Data supplied ▸
+++

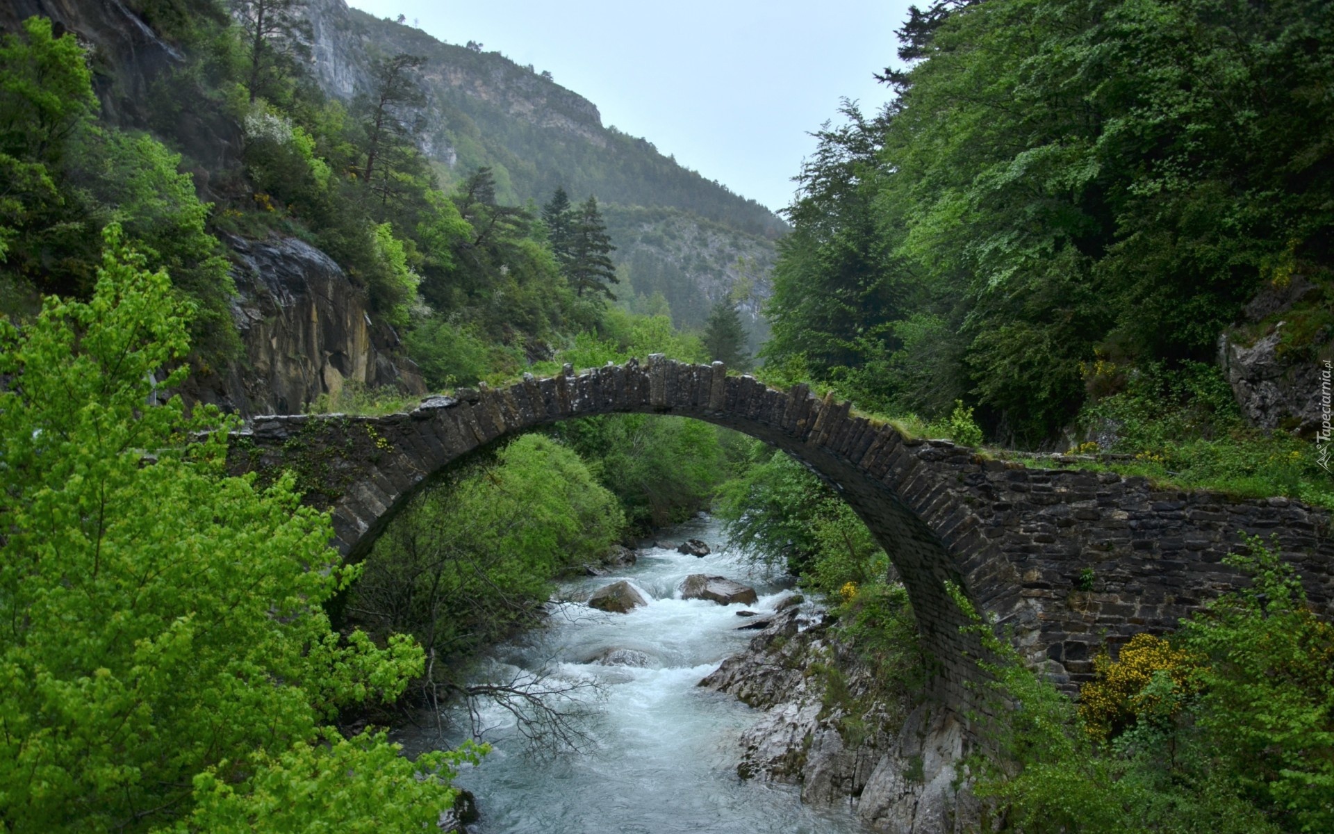 Edytor tapety: Rzeka, Most, Góry, Lasy
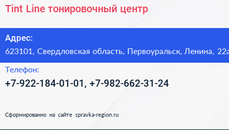Tint-Line, тонировочный центр по адресу 623101, Свердловская область, Первоуральск, Ленина, 22а в дальнейшем Организация, размещена в следующих категориях:
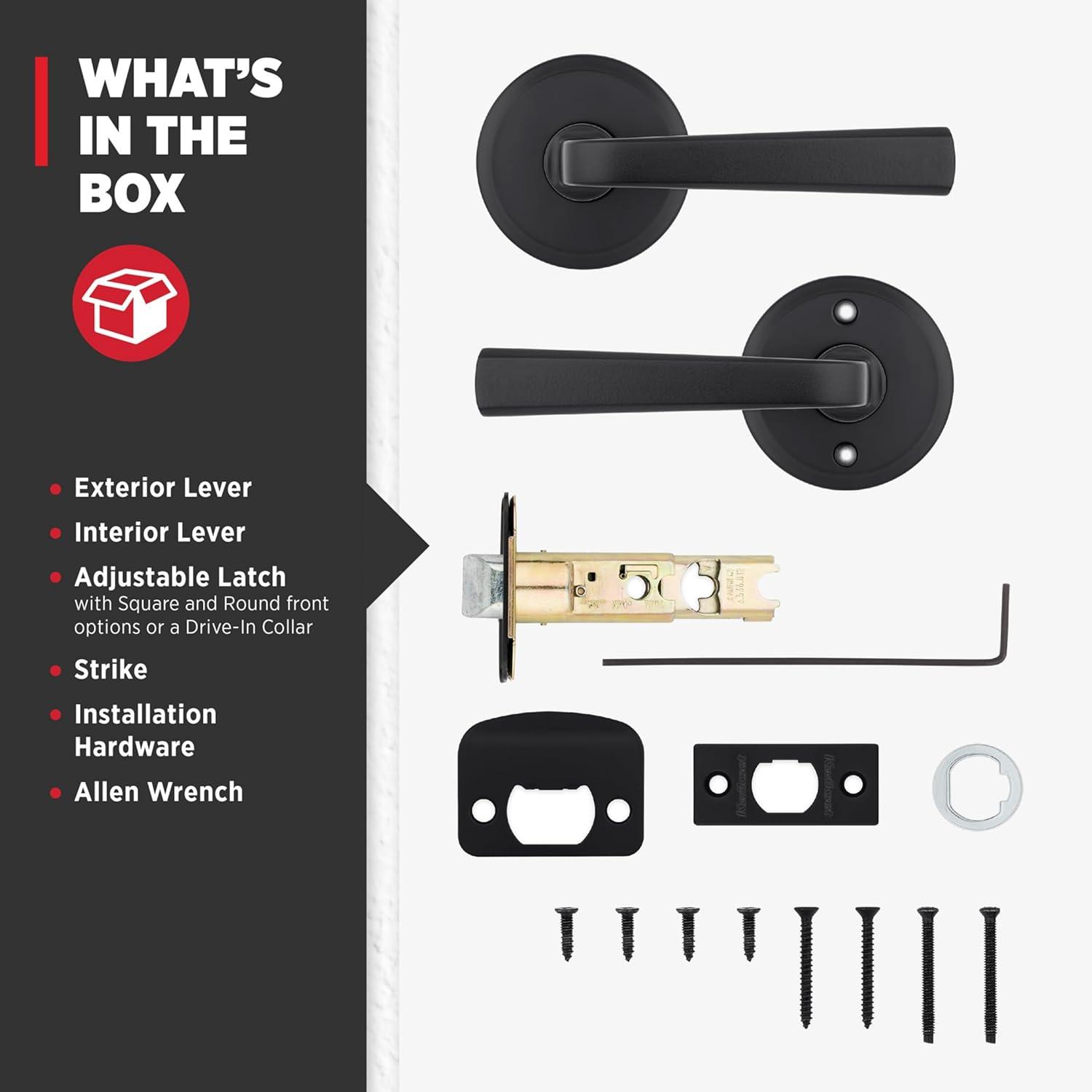 BOX INCLUDES: Passage lever, adjustable latch with round and square front options or drive-in collar, round corner strike, rosette, screws and Allen wrench
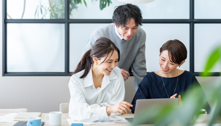 エイジィでは、上下関係の強いピラミッド型ではなく、階層を最小限に抑えた「フラット型組織」を採用しています。役職や立場にかかわらず意見を出し合える環境を整え、意思決定のスピードと柔軟性を高めています。こうした仕組みにより、一人ひとりが主体的に動ける文化を尊重しています。
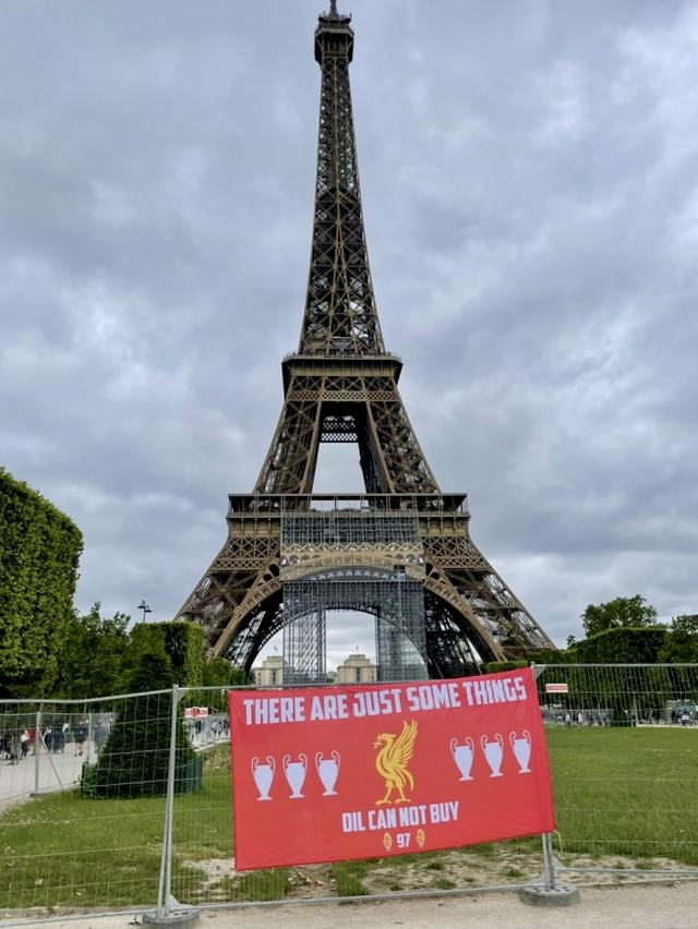 在来到巴黎之后,有部分球迷前往埃菲尔铁塔,悬挂为利物浦助威的旗帜。这面旗帜印有利物浦获得的六座“大耳朵杯”,还写有“有些东西用石油买不到”的字样,颇有嘲讽巴黎圣日尔曼的意味。

+++

Output all the data, exactly, without images.

 Edytor tapety: Rzeka, Most, Góry, Lasy
Tint-Line, тонировочный центр по адресу 623101, Свердловская область, Первоуральск, Ленина, 22а в дальнейшем Организация, размещена в следующих категориях:
 BOX INCLUDES: Passage lever, adjustable latch with round and square front options or drive-in collar, round corner strike, rosette, screws and Allen wrench
 エイジィでは、上下関係の強いピラミッド型ではなく、階層を最小限に抑えた「フラット型組織」を採用しています。役職や立場にかかわらず意見を出し合える環境を整え、意思決定のスピードと柔軟性を高めています。こうした仕組みにより、一人ひとりが主体的に動ける文化を尊重しています。
 在来到巴黎之后,有部分球迷前往埃菲尔铁塔,悬挂为利物浦助威的旗帜。这面旗帜印有利物浦获得的六座“大耳朵杯”,还写有“有些东西用石油买不到”的字样,颇有嘲讽巴黎圣日尔曼的意味。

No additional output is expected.